By Eric Hollas
As most of us are too well aware, the pandemic that has gripped the world has spawned a lot of suffering and fear. But it’s also engendered a lot of humor, some of which is very dark. So whatever else the coronavirus may have done, it hasn’t choked off our creativity and wit.
There are lots of examples of that creativity floating around on the internet, but at the risk of offending a few people, I’d like to cite two examples. Both come from fictional diaries of men who have been addicted to televised sports for most of their adult lives. Both point to a problem peculiar to our times.
The first is an entry by a man who has just endured his first day without cable sports, and the heading is quite simple: “Night one of no sports.” What follows is this: “My wife and I just had an hour-long conversation. She’s really nice. Apparently she works in the medical field. Also, TVs are black when they are off.”
A second entry from another gentleman reads similarly. “Day 2 without sports. Found a lady sitting on my couch. Apparently she’s my wife. She seems nice.”
Not all outcomes of the coronavirus have yielded such pleasant discoveries. Still, common to most of us has been the chance to get to know one another just a little bit better. All around the world people are rediscovering the people with whom they live. Isolation has bred greater appreciation for one another, though sometimes it’s brought out the worst in one another. And we monks are certainly not exempt from these experiences.
People who don’t know us well often assume that we monks spend all our time together, in common prayer and in common work and recreation. Certainly there is a lot of that. But each day, after morning prayer and breakfast, many of us scatter to offices and classrooms and workshops and airports and the like. In fact, much of our day is spent with people who are not monks.
But for nearly five weeks we’ve had the chance to rediscover one another. And I have to say that it’s not been all that bad. From this experience we could very well build a deeper and stronger community. Already there is a growing appreciation for the service and sacrifices that our brothers are making for us all. It’s let us glimpse the face of Christ more clearly in one another.

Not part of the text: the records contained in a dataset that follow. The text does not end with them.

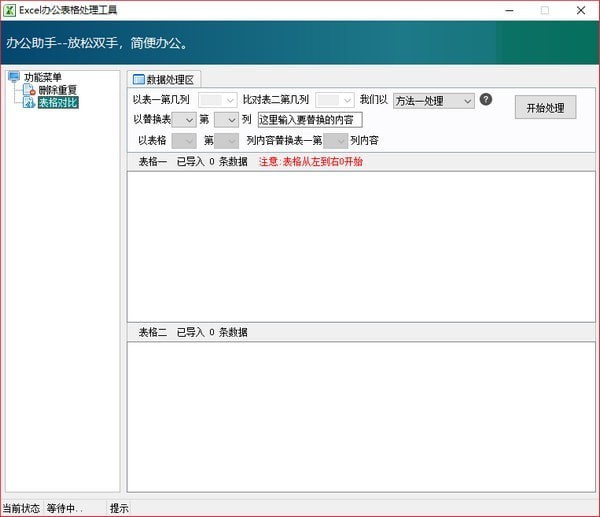 Excel办公表格处理工具正式版是一款优异、便捷、好用的办公软件,Excel办公表格处理工具正式版可以查找表格内重复的段落进行修改的小工具,可以以两个电子表格内容对比来找出相同内容,找到相同内容就可以下一步操作,用户可以设置替换哪表格哪一列。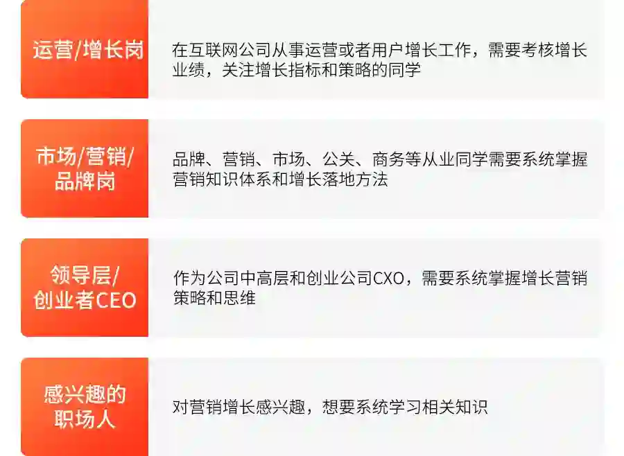 帮你掌握关于营销增长的科学工作方法和思考路径,让你可以无需再依赖于“灵感”而去做好营销活动以及增长策划等工作。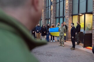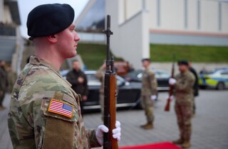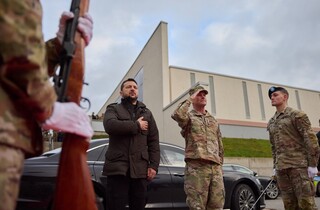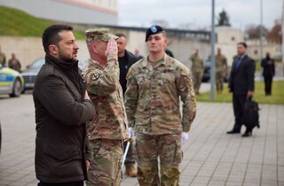 Володимир Зеленський також поспілкувався з українськими військовими, які працюють у Вісбадені у складі оперативної групи ЗСУ при Групі сприяння безпеці України.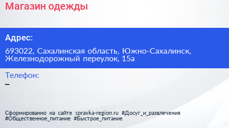 Магазин одежды по адресу 693022, Сахалинская область, Южно-Сахалинск, Железнодорожный переулок, 15а в дальнейшем Организация, размещена в следующих категориях: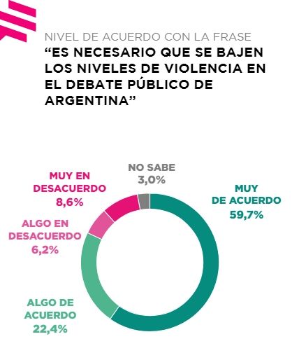 "Cuando se le pregunta a la opinión pública que sector influye positivamente para neutralizar y disminuir los discursos de odio, la primera opción en aparecer es 'ninguno' con un 32%.La sociedad mira el atentado a través de sus sesgos ideológicos, pero eso no evita que también demanden pacificación y acuerdos democráticos", agregan.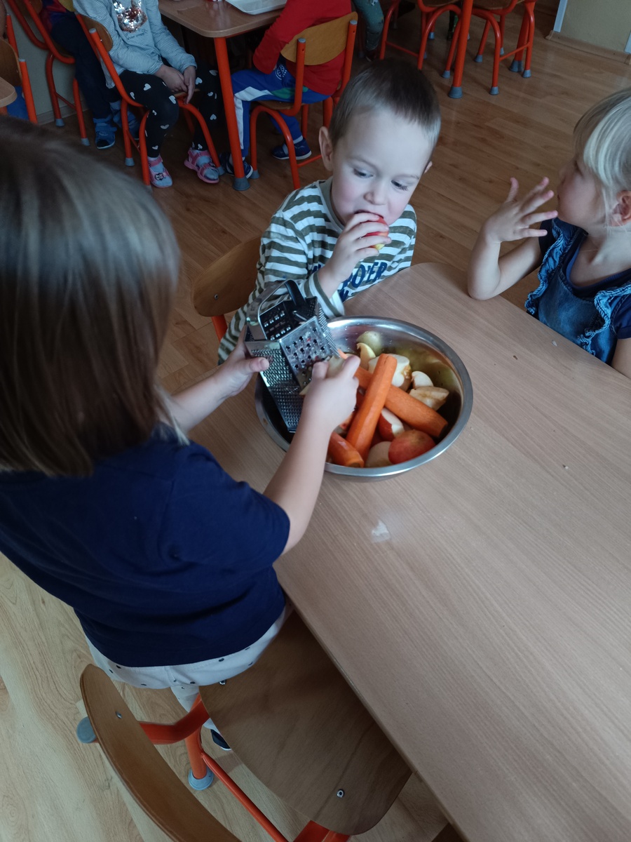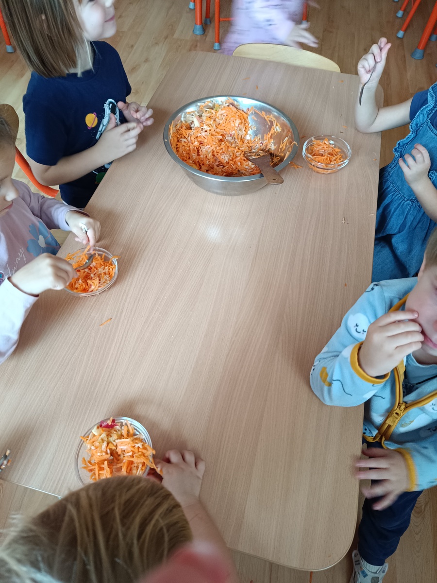 S deťmi sme preberali tému jesenné ovocie a zelenina, hovorili sme o zdravej výžive , o vitamínoch , ktoré ovocie a zelenina obsahujú a deti si pripravili chutný šalát z jabĺčok a mrkvičky od domácich pestovateľov. Či šalát deťom chutil posúďte sami.
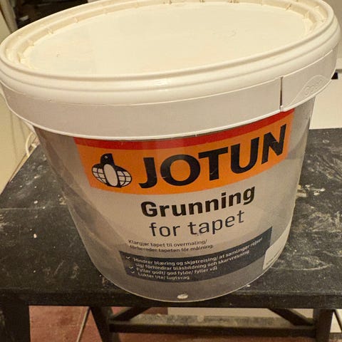 Ca. 6 liter igjen fra et 10 liters spann med Jotun grunning for tapet selges billig. Et kvalitetsprodukt som klargjør tapetet til overmaling.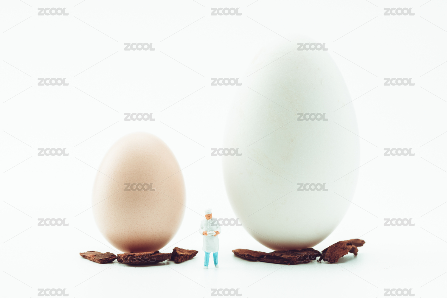 一個(gè)廚師站在雞蛋和鵝蛋中間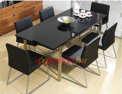 Olasz, modern stílusú, üveg-fém étkezőgarnitúra 6 bőr székkel! Új! Megtekinthető Sopronban, szállításban tudok segíteni!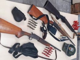 Mandado de prisão tem revólver e espingarda apreendidos

For all of us, whether monk or not, or whether Christian, Muslim or Jew or not, these days of isolation are critical moments. And while it’s a cliché to say that things will never be the same, it’s still true. We can’t go back. We can never reclaim the lives we have left behind. Out of this we must grow, or we run the risk of becoming nostalgic fossils.
Woodrow Wilson once commented that if you want to make enemies, then try to change something. But change is inevitable, and trying not to change leads to change anyway. And from a Christian perspective, change is what we are all about. God calls each of us to grow — to grow in wisdom, to grow in the understanding of our vocation, and to grow in our love of God and neighbor. And so, as hard as it may be to change, change we must.
In the the Acts of the Apostles we have a description of the early Christian community in Jerusalem. We read that each day they gathered to pray in the temple precincts, and then they gathered in their homes to break bread. This is perhaps the only time when Paul’s words about equality really rang true. These people were neither Jew nor gentile. They were some sort of hybrid, but out of their uncomfortable isolation came the realization of who they were called to be. Slowly they began to refer to themselves as Christian. It was a struggle, no doubt, but out of that struggle came the legacy and the name that we carry today.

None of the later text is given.